=== Records supplied ===
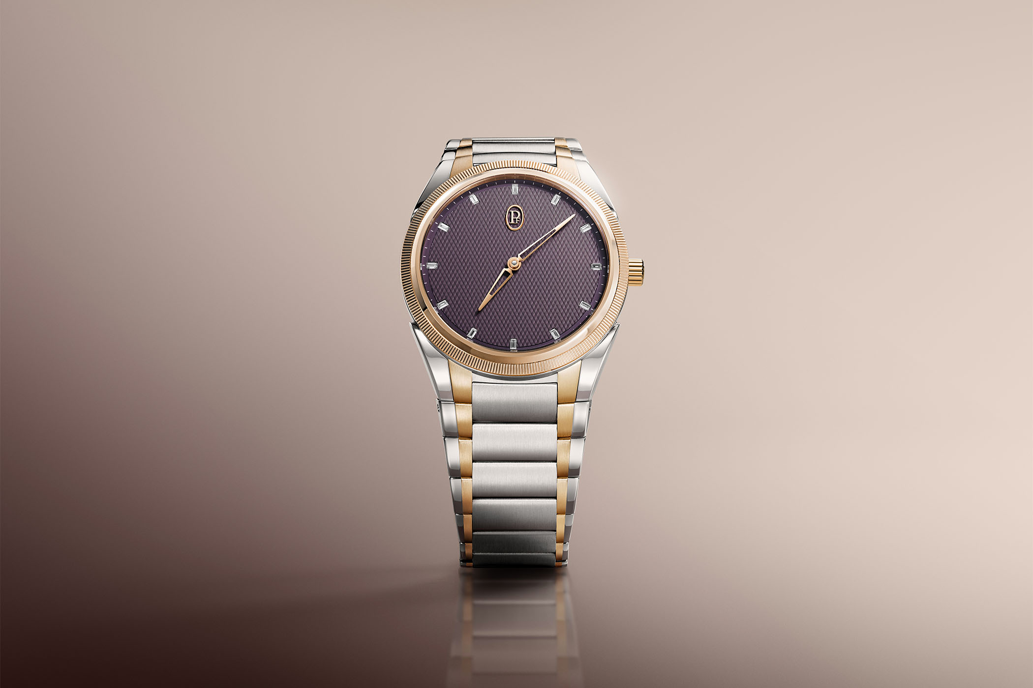 Parmigiani Fleurier, the elite watch brand founded by master restorer and watchmaker Michel Parmigiani in 1996, underwent a management change in 2021 with the appointment of Guido Terreni. Terreni’s roadmap for Parmigiani involved streamlining the collections and focusing on a new collection derived from Michel Parmigiani’s Tonda watch. Released that same year, the Tonda PF is a lineup of refined luxury sports watches with guilloché dials, integrated bracelets and in-house movements. Responding to requests for a more compact, unisex case size, Parmigiani produced a 36mm version of the Tonda PF Micro-Rotor, the most straightforward time-only model. The latest reference is a two-tone rose gold and steel Tonda with a rich ruby dial.
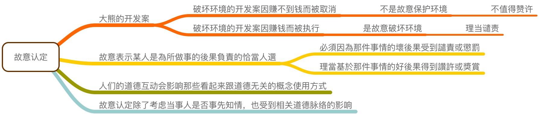 首先是第一段对故意的解释,我们可以对这个解释做一些精简,并分出层次:故意表示某人是为所做事的后果负责的恰当人选 - 必须因为那件事情的坏后果受到谴责或惩罚 \ 理當基于那件事情的好后果得到赞许或奖赏。(这里的斜杠表示两者在同一层级)然后精简一下最后一句的评价:故意与否的判断反映了人们对于事件的道德回应。
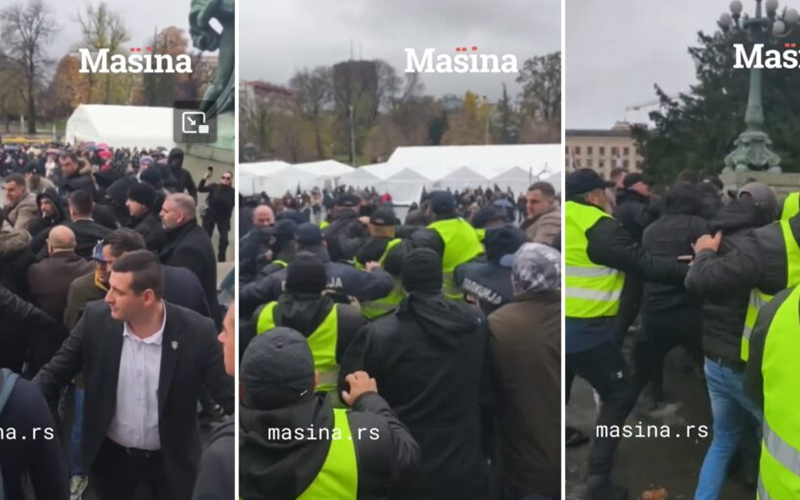 Sve je počelo kad su poslanici Narodnog pokreta Srbije Đorđe Stanković i Zeleno-levog fronta Bogdan Radovanović pokušali da sklone šator koji se nalazi na stepeništu ispred parlamenta.
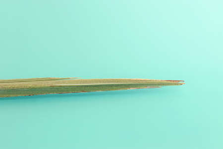 Close-up of a ripened rice ear with thin green leaves, against a blurred blue background, creating a natural yet minimalistic effect
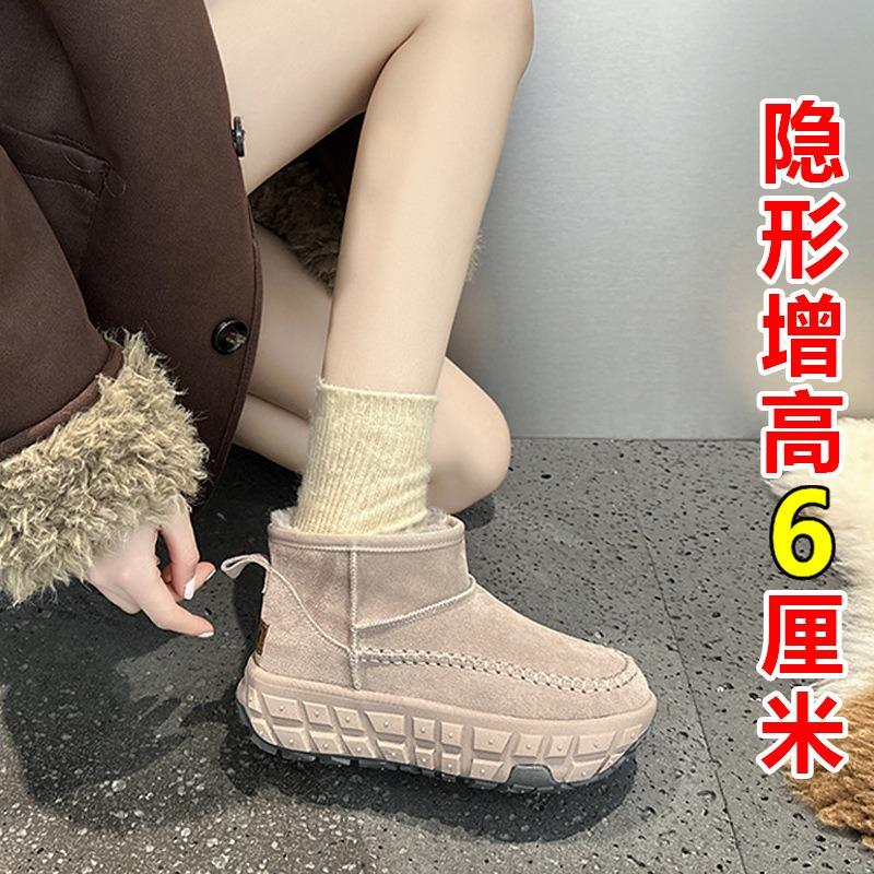 Small snow boots women's winter new tire sole short boots inner height increase non-slip warm cotton shoes Mao Mao shoes
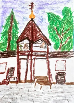 Эту колокольню я рисовала на территории Спасского храма. Она расположена рядом с храмом. Храм очень красивый и старинный. Он находится в нашем районе и недалеко от моего дома.
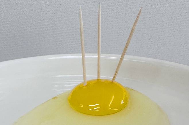 이쑤시개를 꽂았을 때 노른자가 퍼지지 않고 그대로 꽂여 있다면 신선.
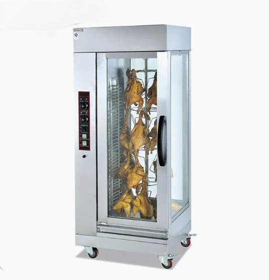 💡 Bóng đèn chịu nhiệt cao chiếu sáng trực tiếp, giúp nhân viên theo dõi quá trình nướng gà mọi lúc, đảm bảo chất lượng món ăn ổn định.
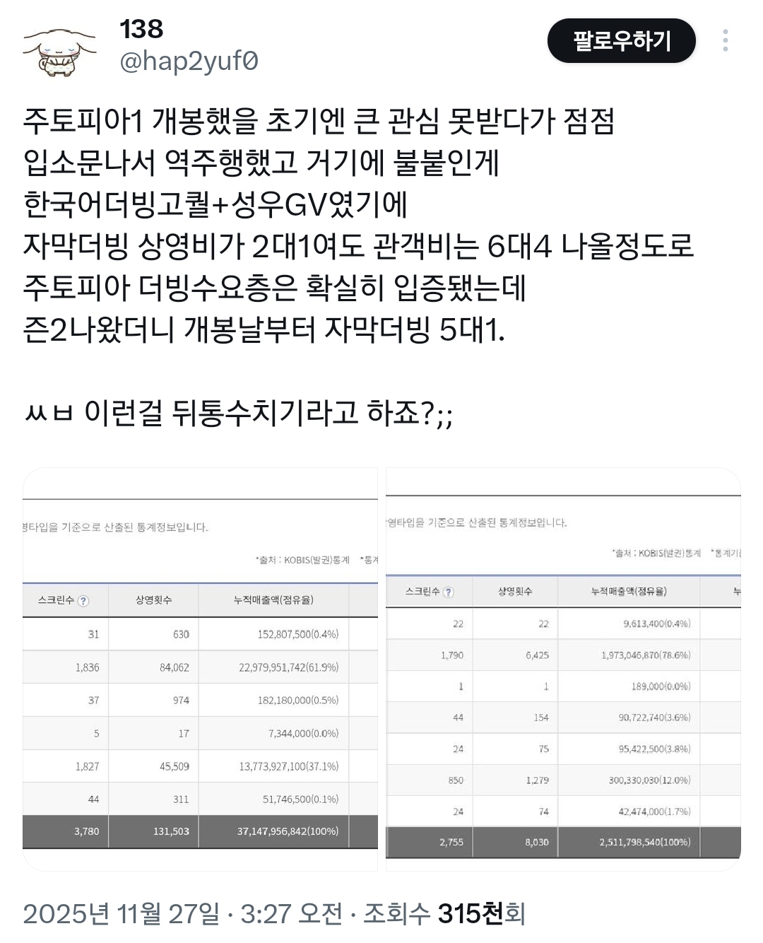 작성자이지외단 작성시간 25.11.29 주토피아는 더빙이지
===
▶ _What you will do_: Reproduce word for word only the lines between the line containing "Эту колокольню я" and the end of the listing above, both included, and drop any pictures.

▶ _Finished exercise_:
 Эту колокольню я рисовала на территории Спасского храма. Она расположена рядом с храмом. Храм очень красивый и старинный. Он находится в нашем районе и недалеко от моего дома.
 이쑤시개를 꽂았을 때 노른자가 퍼지지 않고 그대로 꽂여 있다면 신선.
 💡 Bóng đèn chịu nhiệt cao chiếu sáng trực tiếp, giúp nhân viên theo dõi quá trình nướng gà mọi lúc, đảm bảo chất lượng món ăn ổn định.
 작성자이지외단 작성시간 25.11.29 주토피아는 더빙이지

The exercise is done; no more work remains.